Ministers do not receive data protection training. Mr Letwin has been made aware of his responsibilities by the Information Commissioner. Data handling procedures in Government are set out at www.cabinetoffice.gov.uk/resource-library/data-handling-procedures-government. When handling data which contains personal information about identifiable living individuals, the Cabinet Office must ensure that it complies with the provisions of the Data Protection Act 1998. In particular, personal data must not be collected or retained unnecessarily, and appropriate security measures must be taken to protect the information.

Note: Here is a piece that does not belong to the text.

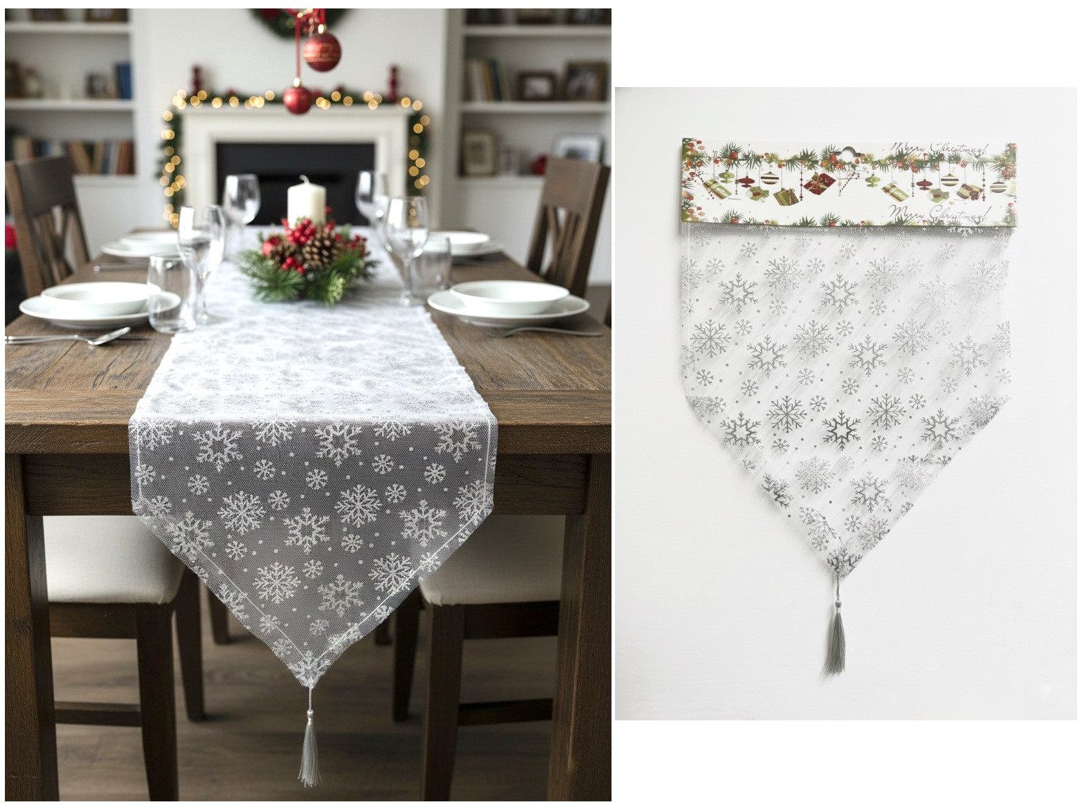 Bieżnik, szarfa na stół świąteczny, bożonarodzeniowy PŁATKI ŚNIEGU 180x35 cm SREBRNY

I should point out that it is far from clear what information the Cabinet Office holds in relation to what I asked for – it’s possibly that they hold a shedload of emails and other information, but I didn’t get them. They did not provide any meaningful response to the penultimate bullet point in my request. The fact Ministers do not receive data protection training is disgraceful, and the fact that no training is planned, especially given that they knew about Vince when they responded, is shameful. They don’t tell me how to get an internal review, or provide me with any advice or assistance.

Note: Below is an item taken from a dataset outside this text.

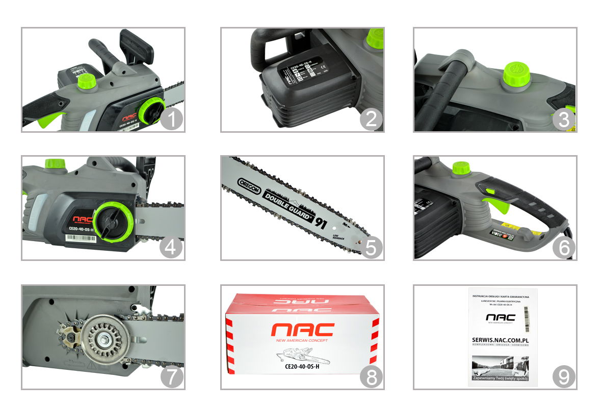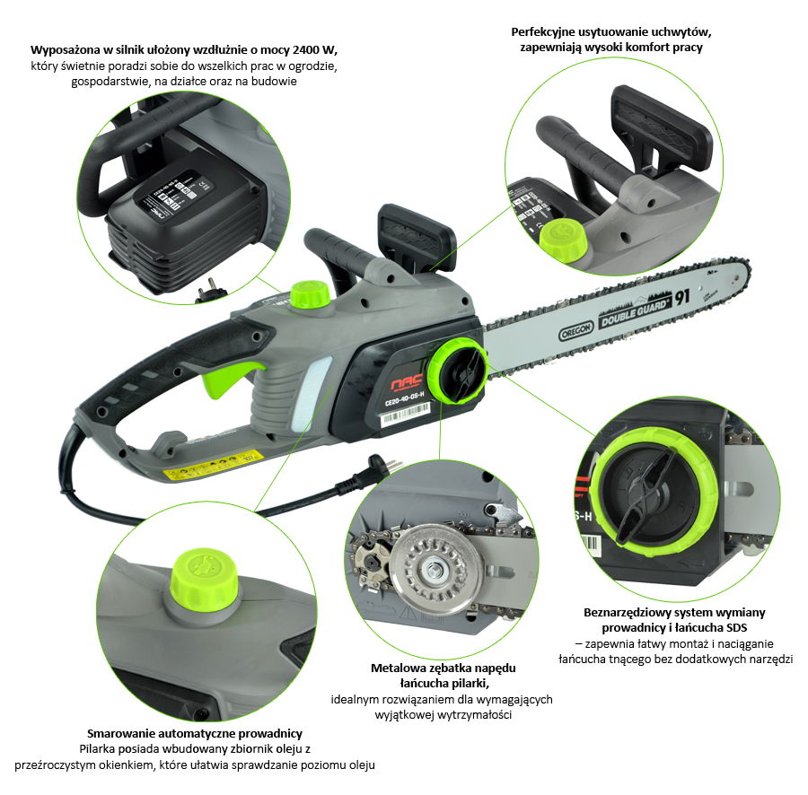 PIŁA ELEKTRYCZNA NAC 2000 W SZYBKI NACIĄG ŁAŃCUCHA OSPRZĘT OREGON 40 CM

But what do I do? This desultory response at least provides me with some useful material for my next training course as the ‘before’ part of a ‘what FOI requests should look like’ exercise. If I complain, the Cabinet Office will either tell me that the original response was just dandy, or they’ll send me an apology in the name of a senior officer, written by a junior one (I was that junior officer once). I could complain to the ICO, adding to a backlog of requests, and in six months to a year, they’ll do something either way that by then, I will not care about at all. And is that a good use of anyone’s time?

In a world where the Cabinet Secretary badmouths FOI as his parting shot to government (www.guardian.co.uk/politics/2011/nov/23/freedom-of-information-act-government), and a former PM’s chief lieutenant feels entitled to go on Radio 4 and aggressively not understand how FOI works (www.bbc.co.uk/programmes/b006qjfq), to quote Slim Pickens in ‘Blazing Saddles’, I am depressed. Will an internal review make any difference? No. With Sir Gus O’Donnell sending a message to civil servants that FOI is a problem, rather than a natural part of the checks and balances, I don’t see the point of putting them to the trouble. And if I now don’t care so much about Letwin’s adventures in St James’ Park, am I entitled to ask for one? Well, no, so I won’t.

However, the one advantage FOI has over Christmas is that you don’t have to wait all year (unless you’ve made an FOI to a certain organisation if WDTK is any way to judge it), and you don’t have to be good to get presents. I’ve already moved on to the bizarre goings-on involving a former ICO employee getting raided by the cops after badmouthing our alma mater, and the fact that when the ICO meets big international corporations, they keep remarkably scant records. These are both blog posts for another time, so if you’re excited, you’ll simply have to wait to unwrap them.

And yes, as we heathens invented Christmas, we are entitled to enjoy it, and my blogs will be aggressively inflected with a yuletide theme until January. So if you don’t like it, Bah Humbug to you!